Immune checkpoint inhibitors (ICIs) have a demonstrable treatment response in patients with resectable non‑small cell lung cancer (NSCLC). However, immune‑related adverse events and tumor progression in patients administered ICIs are of great concern. The present case study is of a 59‑year‑old male with NSCLC (squamous, stage IIIA) who received neoadjuvant immunotherapy combined with chemotherapy before surgery. The patient first developed hyperthyroidism and then hypothyroidism, indicating that ICI‑related thyroid dysfunction had occurred. Furthermore, the patient suffered from tumor progression and could not undergo resection. The present case called attention to the prevention and management of irAEs, and the precaution that should be taken with regard to tumor progression. The case also suggested that the development of ICI‑related thyroid dysfunction may not predict an improved response to ICI therapies, which needs further evidence to illustrate.

Introduction

Lung cancer ranks second in the incidence rate of cancer and is the leading cause of cancer-related deaths worldwide, with 8.2 million deaths yearly (1). Non-small cell lung cancer (NSCLC) accounts for ~85% of lung cancer cases. Immune checkpoint inhibitors (ICIs) target programmed cell death protein 1 (PD-1) and its ligand (PD-L1) and have revolutionized the treatment of advanced NSCLC (2,3). PD-1 and PD-L1 trigger T lymphocyte function to kill tumor cells by blocking the PD-1/PD-L1/2 signaling pathways (4). Several trials have reported the value of ICIs in treating resectable NSCLC with a significant pathological response as the primary endpoint (57). However, due to the mechanism of action of ICIs, immune-related adverse events (irAEs) can occur during treatment. Significant irAEs can cause surgery delays and/or intraoperative complications. Tumor progression may occasionally occur due to toxicities or poor efficacy of ICIs (8,9).
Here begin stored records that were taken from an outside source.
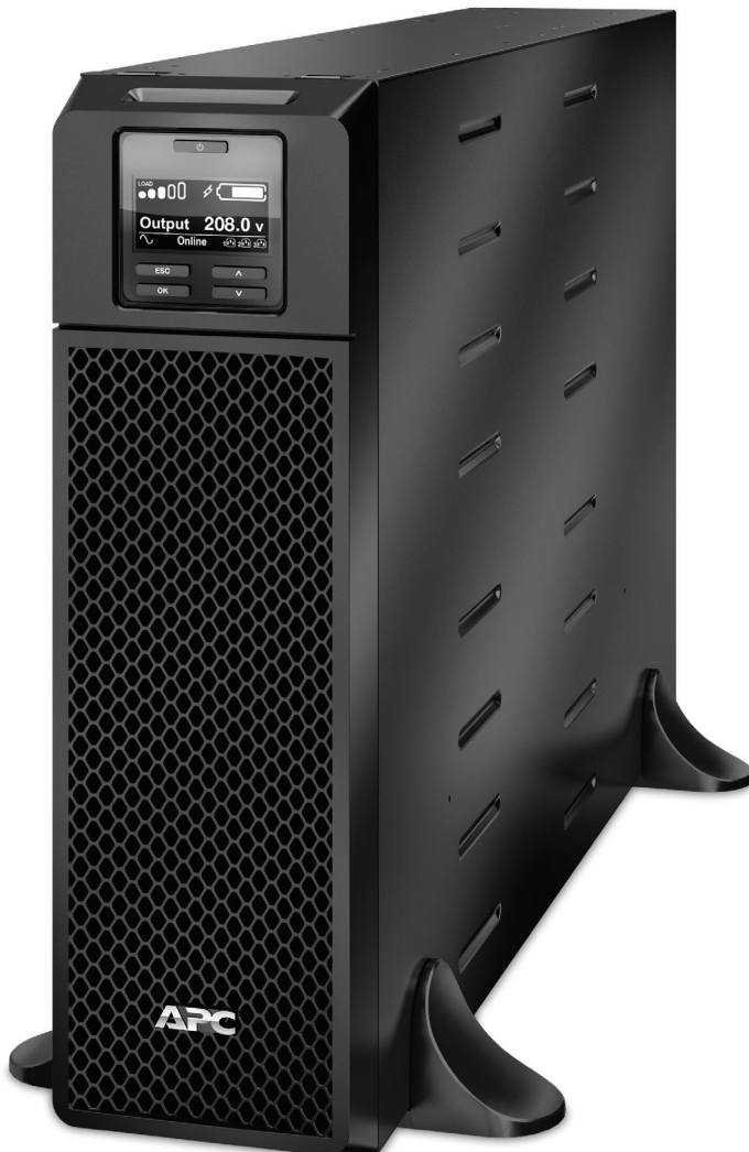
[ SRT5KXLT shown ]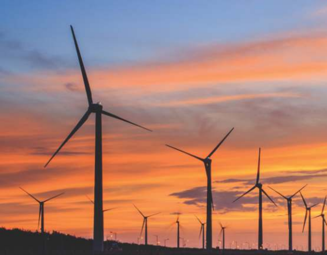
Autotex wind farm at Karnataka - India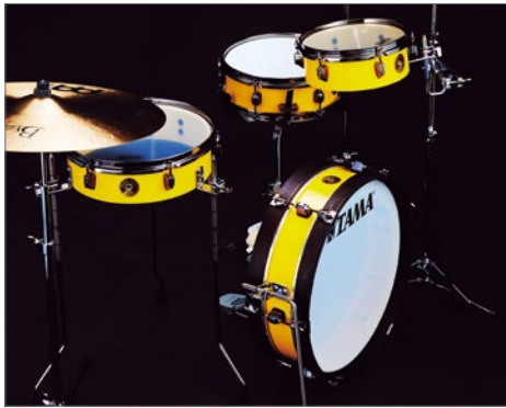
Ultra-Shallow Pancake Shell

Endocrine adverse events are among the most common toxicities of ICIs, and the most commonly affected endocrine organ is the thyroid (10). Most thyroid dysfunction is asymptomatic or mild. However, patients may present with symptoms of hypothyroidism, such as fatigue, anorexia, constipation, bradycardia or weight gain (11,12). Thyroid dysfunction during PD-1 inhibitor therapy is associated with a longer progression-free survival time and could be used as a potential marker to predict an improved response to treatment (13). However, another study has refuted this hypothesis (14). In the present study, a case of thyroid dysfunction and tumor progression in a patient with stage IIIA NSCLC treated with the PD-1 inhibitor pembrolizumab is reported.

Case report

A 59-year-old male with a 30 pack-year history of smoking was transferred to The Peking University People's Hospital (Beijing, China) on September 2020. The patient had been experiencing shortness of breath after activity without apparent cause for almost 8 months. However, the patient did not complain of chest pain, cough, expectoration or fever. Chest computed tomography (CT) performed in another hospital revealed a central space-occupied lesion in the upper lobe of the left lung with atelectasis. Positron emission tomography-CT showed enlarged lymph nodes (zone VI) with no abnormal uptake of 18F-fluoro-2-deoxyglucose. The pathological section diagnosis was squamous carcinoma. The chest CT scan performed at The Peking University People's Hospital revealed that the volume of the upper lobe of the left lung was decreased and consolidated, and the upper lobe bronchus of the left lung was blocked. The soft tissue density shadow extended to the left main bronchus and the lower lobe bronchus of the left lung, resulting in a slight stenosis of the lower lobe bronchi. The results indicated that the malignant lesion occurred with multiple partially enlarged lymph nodes in the mediastinum (Fig. 1A). The clinical stage was T4N0M0 (IIIA) according to The Eighth Edition Lung Cancer Stage Classification (15).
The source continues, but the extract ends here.